Weekly The Niche reads: lab-grown embryos & thymus, more

Today’s The Niche recommended weekly reads post includes both primary papers and also a few media pieces. I’m especially interested in the first piece on making more complex embryo-like structures from ES cells.

This is a long way from just making embryoid bodies or EBs.

At the end of the post I discuss an article that highlighted what seems to be a super-pricey new fee-scheme for open access work and review at Nature Publishing.

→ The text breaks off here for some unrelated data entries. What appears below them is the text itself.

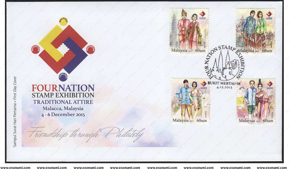 Malaysia - Four Nation Stamp Exhibition : Traditional Attire (2015) FDC MNH
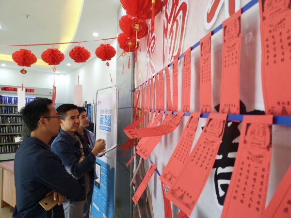 为增添节日喜庆气氛,市图书馆工作人员贴心地为读者朋友们准备了猜灯谜赢大奖的各种礼品,为读者朋友们精心准备了各类谜语。活动现场,大家争先恐后的看谜面、猜谜语,有的默默沉思,有的互相探讨,大家的脸上都洋溢着欢乐、喜悦的笑容,整个活动现场充满了欢乐、吉祥、喜庆,洋溢着浓厚的节日气氛。
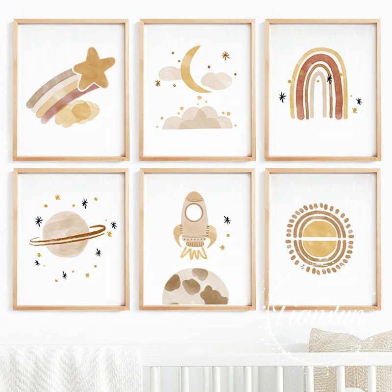 Детская Wall Art Защита от солнца с изображением ясного звездного плакаты "Земля" и принтами детская комната, украшенные забавной аппликацией Вселенная картина для детской комнаты плакат

es cells embryos matrigel the niche
ES cells make partial embryos using matrigel as the niche of a sort. “Embedding of mouse embryonic stem cell (mESC) aggregates in an extracellular matrix (ECM) enables generation of trunk-like structures (TLSs) with an in vivo–like architecture including gut, and neuromesodermal progenitor (NMP)–derived neural tube and somites. Comparative single-cell RNA sequencing revealed that TLS cell states and differentiation dynamics match those of the embryo. Chemical modulation and genetic manipulation highlight the utility of the TLS as a scalable, tractable, and accessible model for investigating mid-gestational embryogenesis. FN1, fibronectin.” Veenvliet, et al. Science 2020.

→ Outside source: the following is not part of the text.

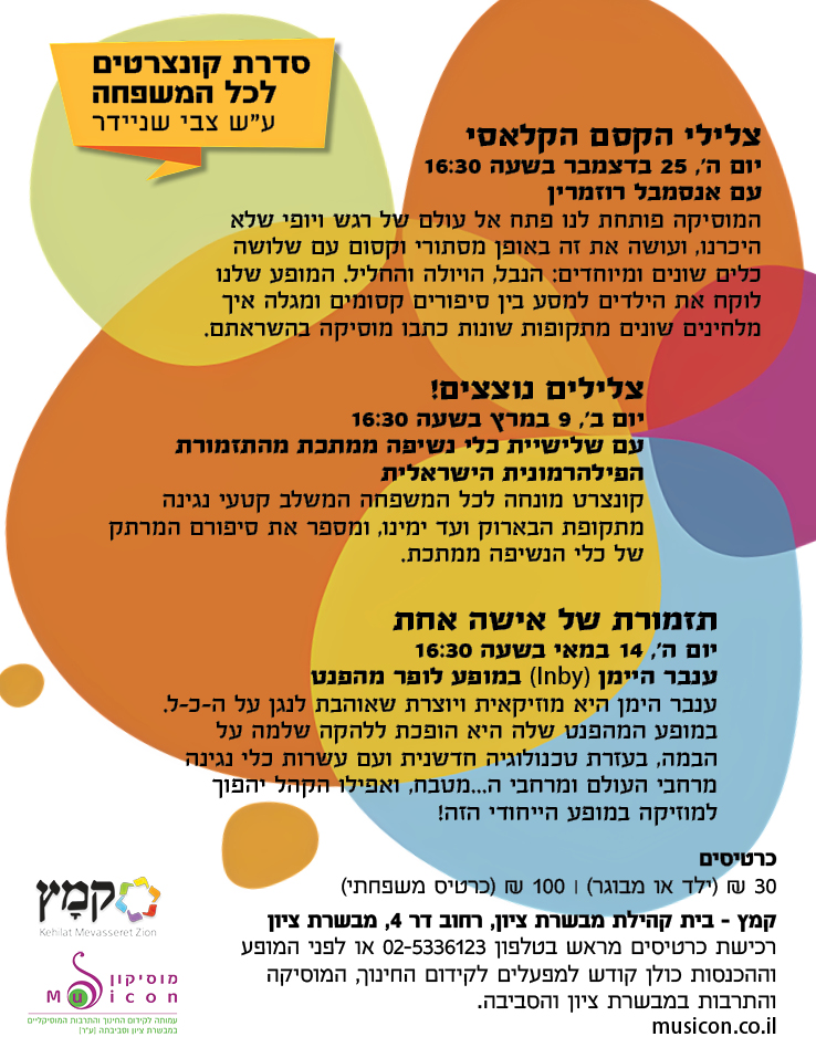קונצרטים לילדים בקהילת קמץ בשעה 16:30 אחר הצהרים בתאריכים הבאים:

Artificial embryos, bioengineered thymus

Chromatin, histones including H1, integrative biology, more

The Niche selected media on science, stem cells and regenerative medicine

  • WaPo, Stem cell research finds a unique lab — the International Space Station. If humans are to go on long-haul space voyages our stem cells better fare well out there or we’ll be in deep trouble health-wise.
  • Discover, Is the Dawn of the Stem Cell Revolution Finally Here? Which revolution specifically? Can we find such headlines from 10 years ago?
  • Forbes, Prestige Journal Publisher, Nature, Slaps Scientists In The Face. The fees in this new OA program are so over the top and create barriers for scientists around the world who may not have such amounts to go toward just publishing fees. For example, you can now pay over $10,000. From the Forbes piece by Steven Salzberg: “publishers of Nature announced that they will charge authors €9,500 ($11,500) to publish a paper as open access, meaning readers can get the paper without a subscription. They called this, without a trace of irony, their “gold open access option.” Arguably more nutso is the new option to pay $2,600 just for a preliminary review of your paper with, of course, no guarantee that your manuscript will get published. Yes, it didn’t escape me that I often, including in today’s recommended reads, link to Nature family journal publications despite disagreeing with some of their policies like the new fees. We can’t just ignore the good science, right? Some like Salzberg have suggested decline requests to review Nature family papers until they drop their new policies with the wildly high fees.